Problem |
Transcribe only the lines in the data below falling between the line with "Head to infinity" and the line with "2. Известно, что", including those two lines, and leave out any picture.

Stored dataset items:

———

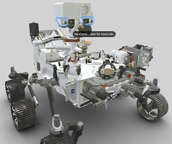 The images above were captured using Perseverance’s onboard color Navigation Cameras, or Navcams. The Navcams are on the remote sensing mast (or ‘head’) of Perseverance. The Navcams are part of a group of 19 total cameras on the rover itself. You can see the location of the Navcams on a 3D model of Perseverance below. If you’d like to explore the 3D model for yourself, you can do so here.
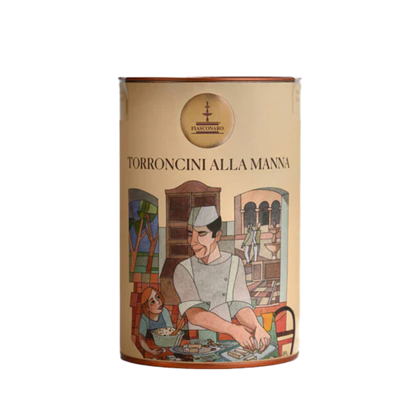 Morbidi pezzi di torrone siciliano con manna (resina dell'albero della manna) ricoperti di cioccolato bianco. I pezzi sono incartati singolarmente.
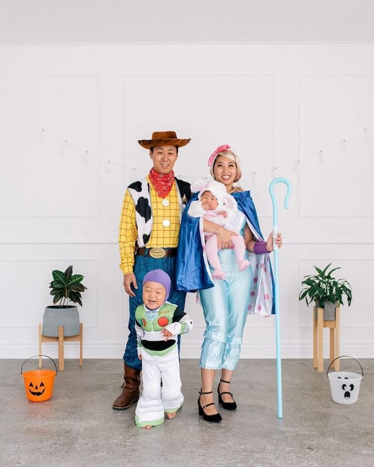 Head to infinity and beyond this Halloween as Woody, Bo Peep, Buzz Lightyear, and a tiny Little Bo Peep, all in adorable matching Toy Story costumes! Every detail is filled with color and character, making this family look the star of every fun, photo-ready moment.
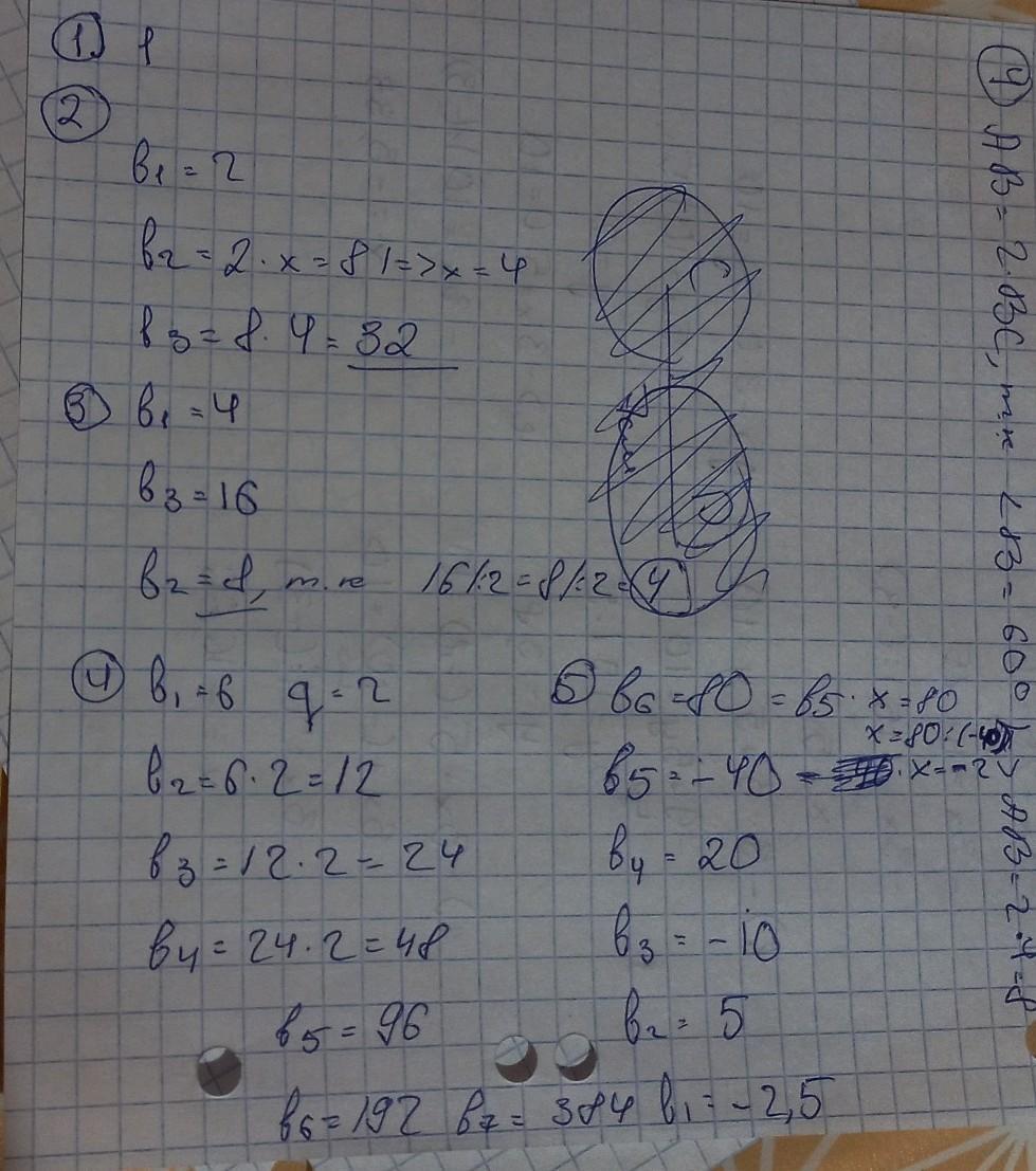2. Известно, что (bn) – геометрическая прогрессия, b1 = 2, b2 = 8. Найдите b3.
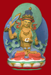 These five families (literally "lineages") are very important in the Nyingma and Kagyu schools, and play a central role in the Bardo teachings and practices composed by Guru Rinpoche and revealed by Karma Lingpa. On a simplistic level, each of these Families is associated with a) a Buddha (male aspect of Buddhahood); b) a Consort (feminine aspect of Buddhood); c) a cardinal direction; d) a primary color; and e) a mental obscuration, conflicting emotion, or "poison" (Sanskrit klesha, Tibetan dug which is transformed into f) a wisdom, or pristine cognition (Sanskrit jnana, Tibetan Yeshe. These are not to be looked at as separate from one's own mind. Depending upon the tradition from which the teaching or practice derives, the color and/or positions of the Buddha and Vajra Families are reversed from what is presented here. The arrangement below follows Karma Lingpa's text and is the predominant arrangement employed in the Nyingma school. The Buddha/Consort union (Yabyum) is symbolic of the union of compassion and emptiness: primordial wisdom, and should not be conceived of as a carnal activity. The practices of the "Hundred Peaceful and Wrathful Deities" associated with this Terma require empowerment, so the texts and practices will not be referenced here. However, teachings about the Bardos are available in: The Tibetan Book of Living and Dying (an excellent introductory text), The Bardo Guidebook, The Mirror of Mindfulness, Natural Liberation: Padmasambhava's Teachings on the Six Bardos (a recent book by Gyatrul Rinpoche), and discoveries of teachings by Guru Rinpoche (Padmasambhava) by Karma Lingpa. 1. Tathagata or Buddha Family (Sanskrit Tathagatakula, Tibetan Deshin Shegpa Rigs): a) Buddha: Vairocana b) Consort: Akashadhatvisvari c) Direction: Center d) Color: Blue e) Obscuration: Ignorance/delusion (Sanskrit moha, Tibetan gti mug) f) Wisdom: Wisdom of the Expanse of Reality (Sanskrit Dharmadhatujnana, Tibetan chos dbyings ye shes) 2. Vajra or Indestructible Family (Sanskrit Vajrakula, Tibetan Dorje Rig): a) Buddha: Vajrasattva b) Consort: Buddhalocana c) Direction: East (front) d) Color: White e) Obscuration: Anger/hatred (Sanskrit dvesa, Tibetan zhe sdang) f) Wisdom: Mirror-Like Wisdom (Sanskrit Adarshajnana, Tibetan Melong Yeshe) 3. Ratna or Jewel Family (Sanskrit Ratnakula, Tibetan Rinchen Rig): a) Buddha: Ratnasambhava b) Consort: Mamaki c) Direction: South (right) d) Color: Gold (yellow) e) Obscuration: Pride (Sanskrit mana, Tibetan nga rgyal) f) Wisdom: Wisdom of Equanimity or Sameness (Sanskrit Samatajnana, Tibetan mNyam nyid Yeshe) 4. Lotus Family (Sanskrit Padmakula, Tibetan Padma Rig): a) Buddha: Amitabha b) Consort: Pandaravasini c) Direction: West (behind) d) Color: Red e) Obscuration: Desire/Attachment (Sanskrit raga, Tibetan 'dod chags) f) Wisdom: All-Discerning Wisdom (Sanskrit Pratyaveksanajnana, Tibetan So sor rtog pa'i Yeshe) 5. Karma or Activity Family (Sanskrit Karmakula, Tibetan Lakyi Rig): a) Buddha: Amoghasiddhi b) Consort: Samaya Tara (Green Tara) c) Direction: North (left) d) Color: Green e) Obscuration: Envy (Sanskrit irsya, Tibetan phra dog) f) Wisdom: All-Accomplishing Wisdom (Sanskrit Krtyanusthanajnana, Tibetan Bya ba grub pa'i Yeshe ) |
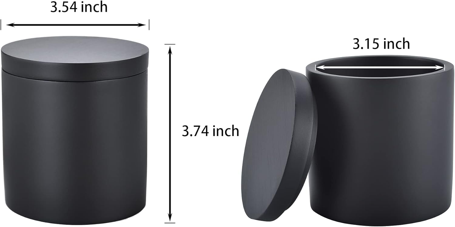 Cotton Swab Holder with Lid, Round Qtip Holder Bathroom Black, Resin Cotton Ball Canister Jar Cosmetics Makeup Countertop Organizer Containers Canister Apothecary Jar, Matte Black

———

Exercise result |
 Head to infinity and beyond this Halloween as Woody, Bo Peep, Buzz Lightyear, and a tiny Little Bo Peep, all in adorable matching Toy Story costumes! Every detail is filled with color and character, making this family look the star of every fun, photo-ready moment.
2. Известно, что (bn) – геометрическая прогрессия, b1 = 2, b2 = 8. Найдите b3.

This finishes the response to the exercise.